▶ **SUPPLIED DATA**:
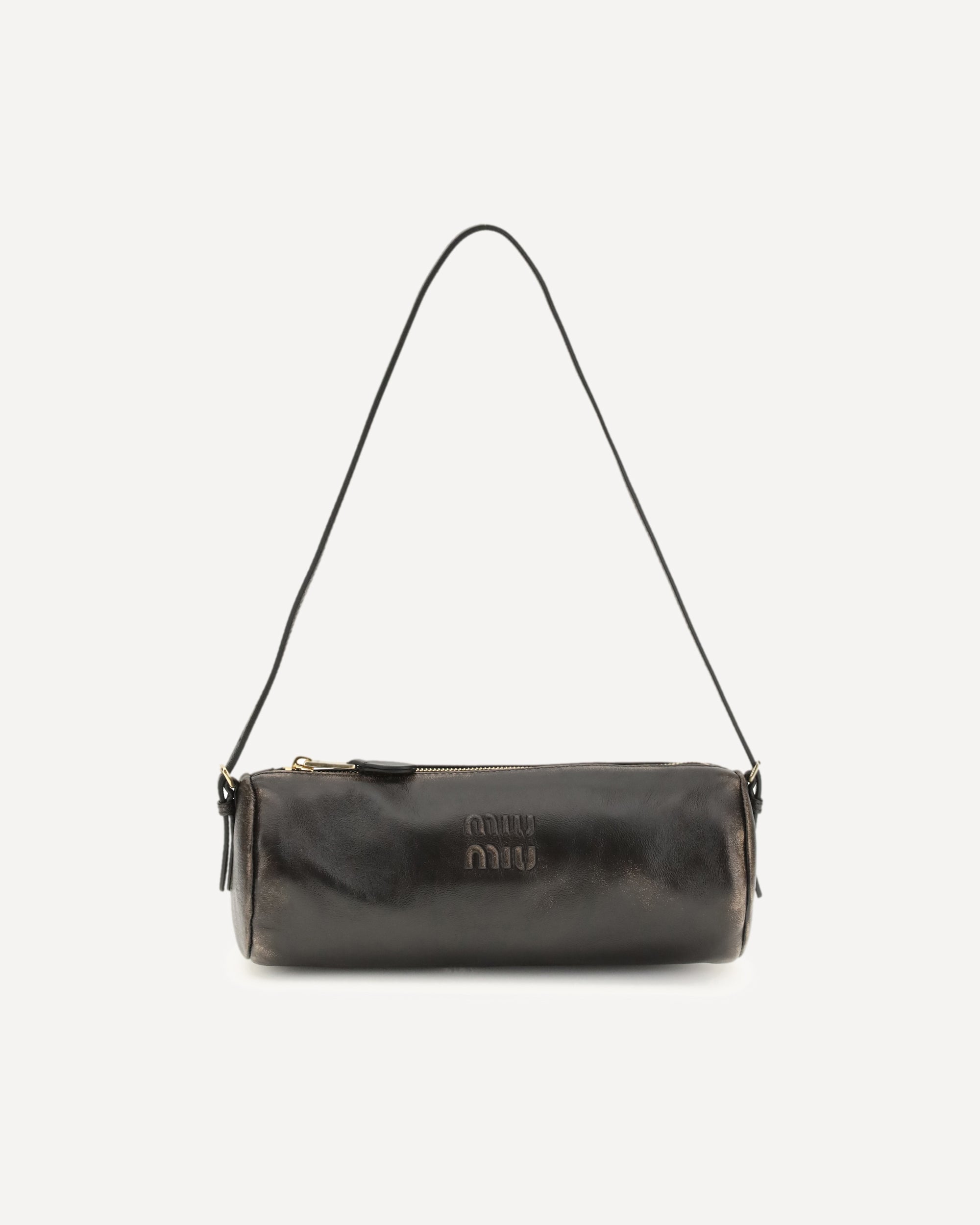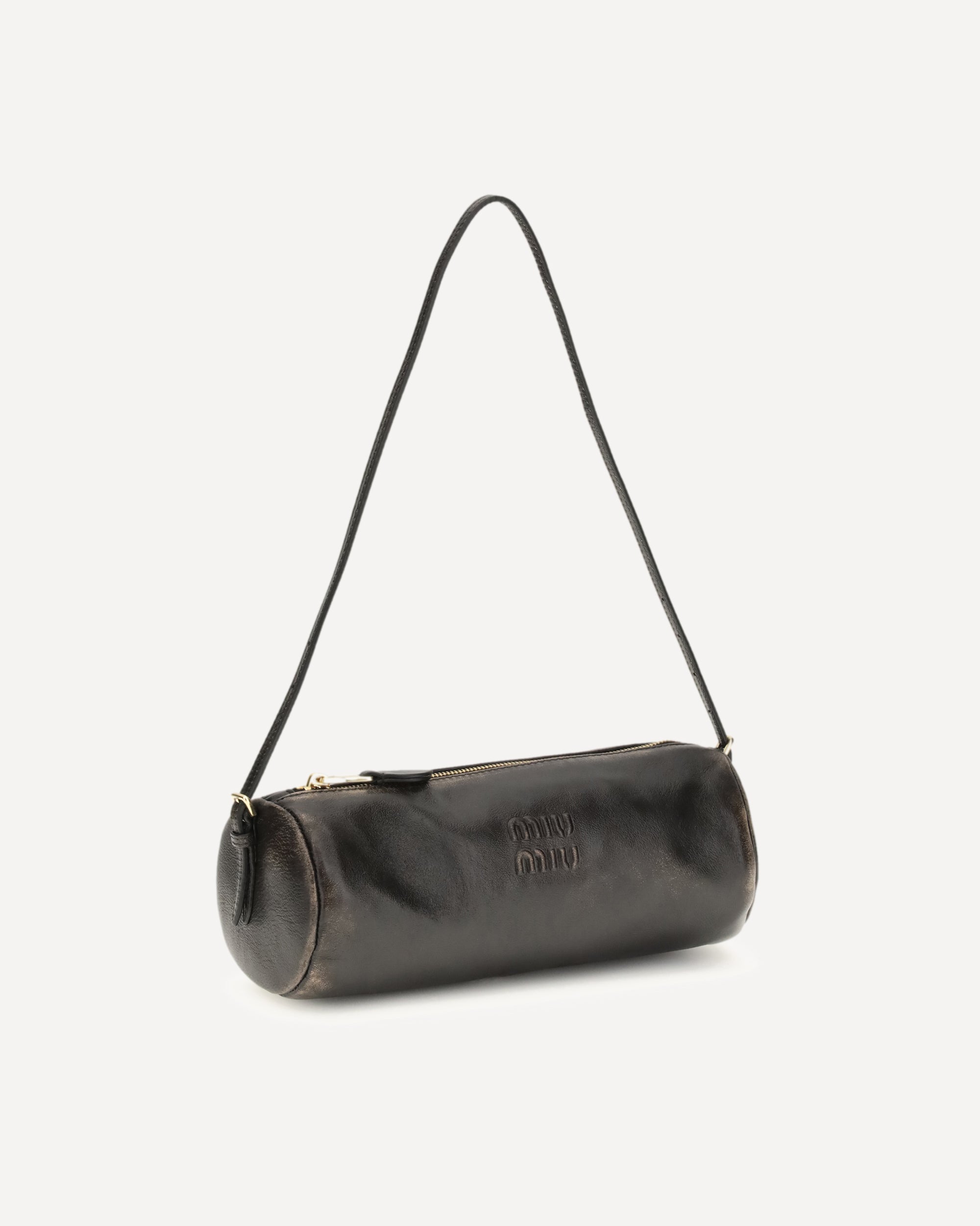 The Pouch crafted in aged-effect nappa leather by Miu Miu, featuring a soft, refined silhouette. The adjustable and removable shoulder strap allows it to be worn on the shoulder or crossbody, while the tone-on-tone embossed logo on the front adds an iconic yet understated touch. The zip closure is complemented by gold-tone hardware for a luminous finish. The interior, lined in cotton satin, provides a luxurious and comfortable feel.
==
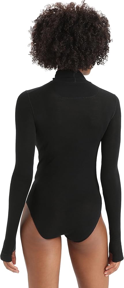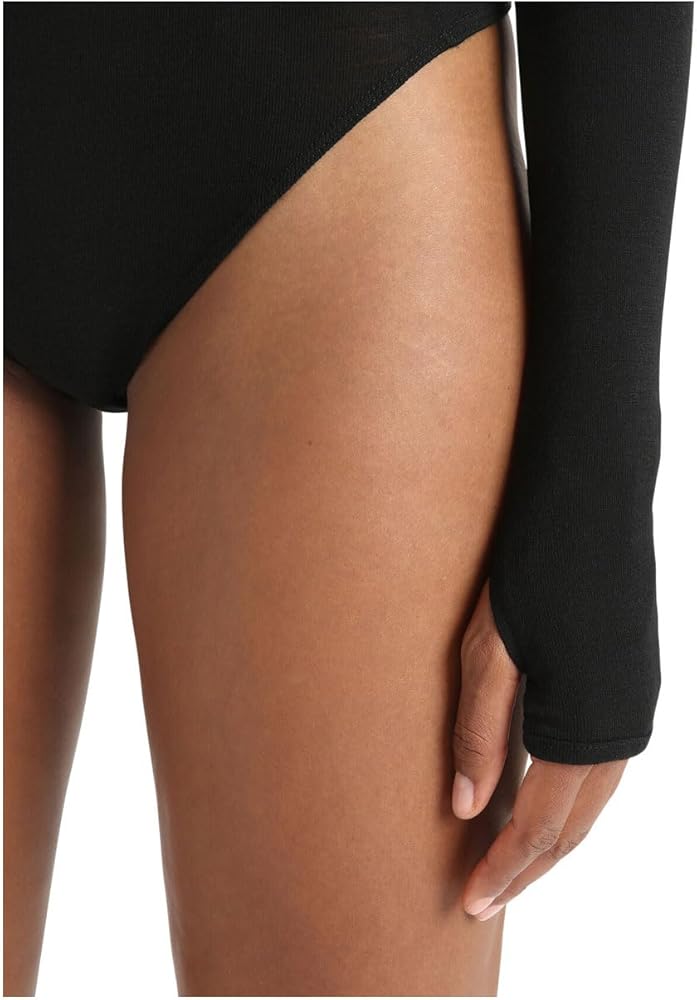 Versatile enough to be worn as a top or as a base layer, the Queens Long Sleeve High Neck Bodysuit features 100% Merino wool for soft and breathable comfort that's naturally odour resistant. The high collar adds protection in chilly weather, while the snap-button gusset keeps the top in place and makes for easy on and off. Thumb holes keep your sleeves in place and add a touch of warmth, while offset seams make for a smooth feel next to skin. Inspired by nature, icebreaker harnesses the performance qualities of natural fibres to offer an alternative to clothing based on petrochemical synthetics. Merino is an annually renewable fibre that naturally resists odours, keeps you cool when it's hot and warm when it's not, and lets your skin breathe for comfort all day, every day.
---
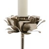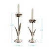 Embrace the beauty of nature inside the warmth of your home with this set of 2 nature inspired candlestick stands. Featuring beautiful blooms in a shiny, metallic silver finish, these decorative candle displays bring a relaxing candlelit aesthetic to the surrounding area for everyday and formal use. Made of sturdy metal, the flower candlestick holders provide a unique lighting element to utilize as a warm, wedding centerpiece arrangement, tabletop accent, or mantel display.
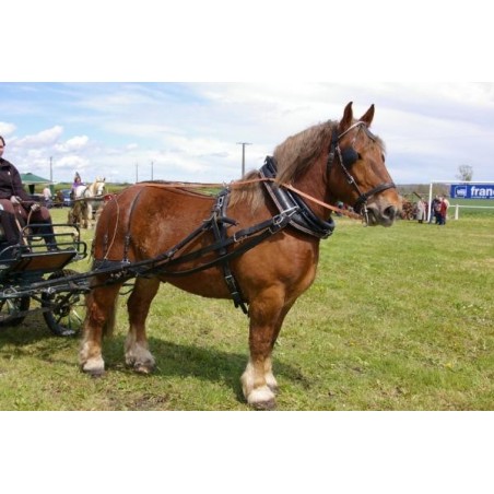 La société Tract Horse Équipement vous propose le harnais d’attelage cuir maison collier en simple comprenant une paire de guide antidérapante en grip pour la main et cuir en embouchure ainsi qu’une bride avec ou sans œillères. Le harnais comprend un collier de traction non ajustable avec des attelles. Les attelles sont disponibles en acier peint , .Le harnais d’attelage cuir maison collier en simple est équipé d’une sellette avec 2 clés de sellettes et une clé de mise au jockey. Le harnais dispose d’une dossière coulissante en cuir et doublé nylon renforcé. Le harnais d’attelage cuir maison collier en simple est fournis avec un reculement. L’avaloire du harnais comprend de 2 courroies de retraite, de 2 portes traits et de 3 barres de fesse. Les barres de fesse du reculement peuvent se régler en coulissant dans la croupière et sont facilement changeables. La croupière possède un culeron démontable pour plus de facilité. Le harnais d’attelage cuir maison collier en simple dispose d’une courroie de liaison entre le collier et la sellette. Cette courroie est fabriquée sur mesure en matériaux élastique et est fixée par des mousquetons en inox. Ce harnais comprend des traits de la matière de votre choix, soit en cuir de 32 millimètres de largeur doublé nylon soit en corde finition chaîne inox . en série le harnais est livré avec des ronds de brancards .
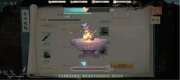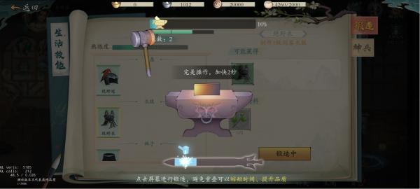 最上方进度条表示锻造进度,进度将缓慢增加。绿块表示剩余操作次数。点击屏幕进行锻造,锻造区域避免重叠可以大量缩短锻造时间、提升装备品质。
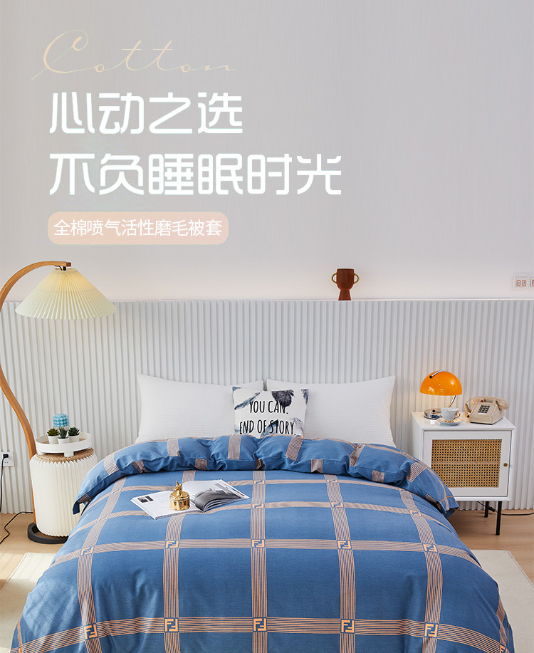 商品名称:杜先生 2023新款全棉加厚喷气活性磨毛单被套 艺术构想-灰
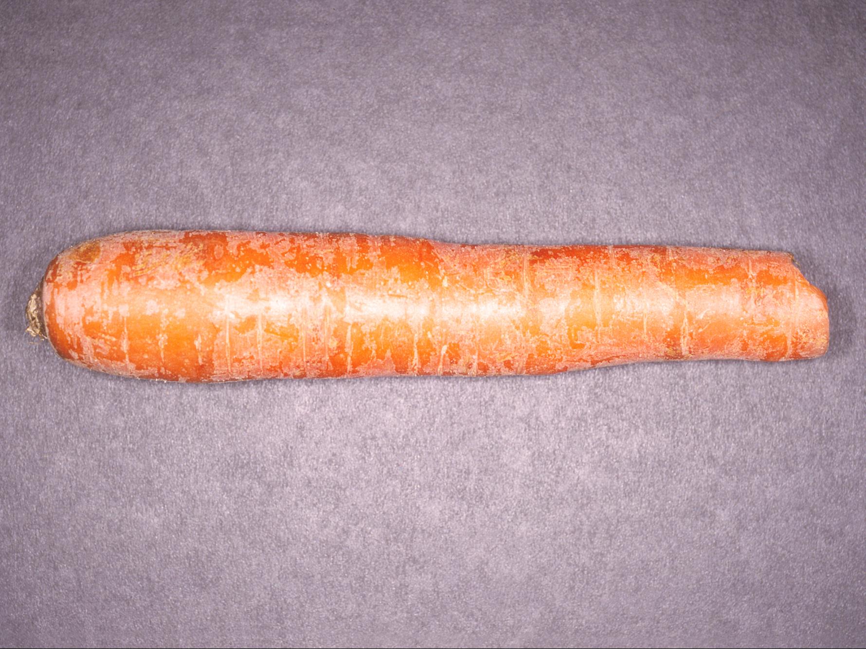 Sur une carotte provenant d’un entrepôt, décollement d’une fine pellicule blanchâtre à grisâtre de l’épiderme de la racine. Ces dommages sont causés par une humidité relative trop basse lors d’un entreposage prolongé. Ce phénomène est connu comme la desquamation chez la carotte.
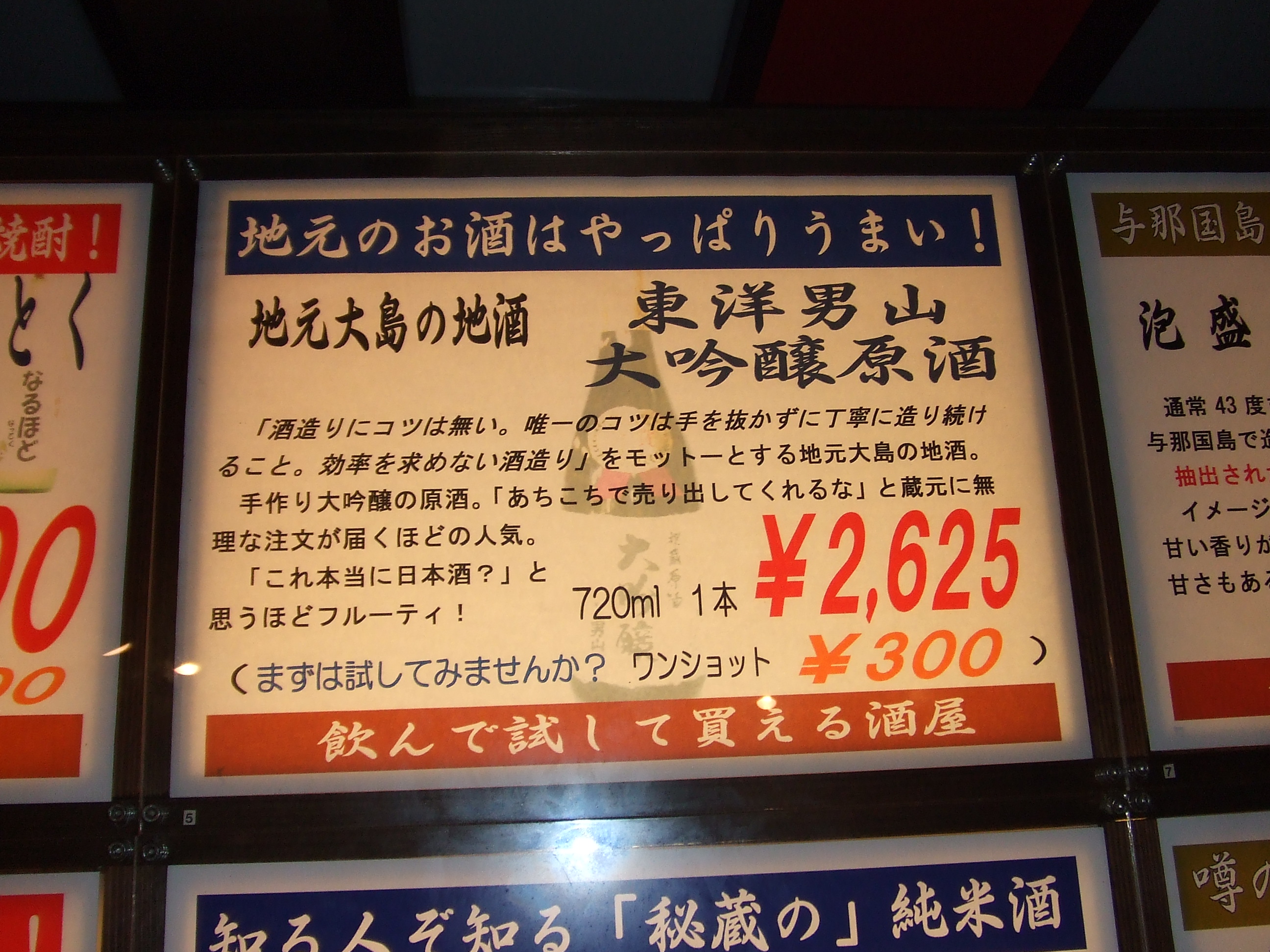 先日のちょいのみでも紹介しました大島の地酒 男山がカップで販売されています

▶ **WHAT TO WORK ON**: From the line holding "Sur une carotte" to the line holding "先日のちょいのみでも紹介しました大島の地酒 男山がカップで販売されています", both included, retype the entries above exactly and drop the pictures.

▶ **EXERCISE ANSWER**:
 Sur une carotte provenant d’un entrepôt, décollement d’une fine pellicule blanchâtre à grisâtre de l’épiderme de la racine. Ces dommages sont causés par une humidité relative trop basse lors d’un entreposage prolongé. Ce phénomène est connu comme la desquamation chez la carotte.
 先日のちょいのみでも紹介しました大島の地酒 男山がカップで販売されています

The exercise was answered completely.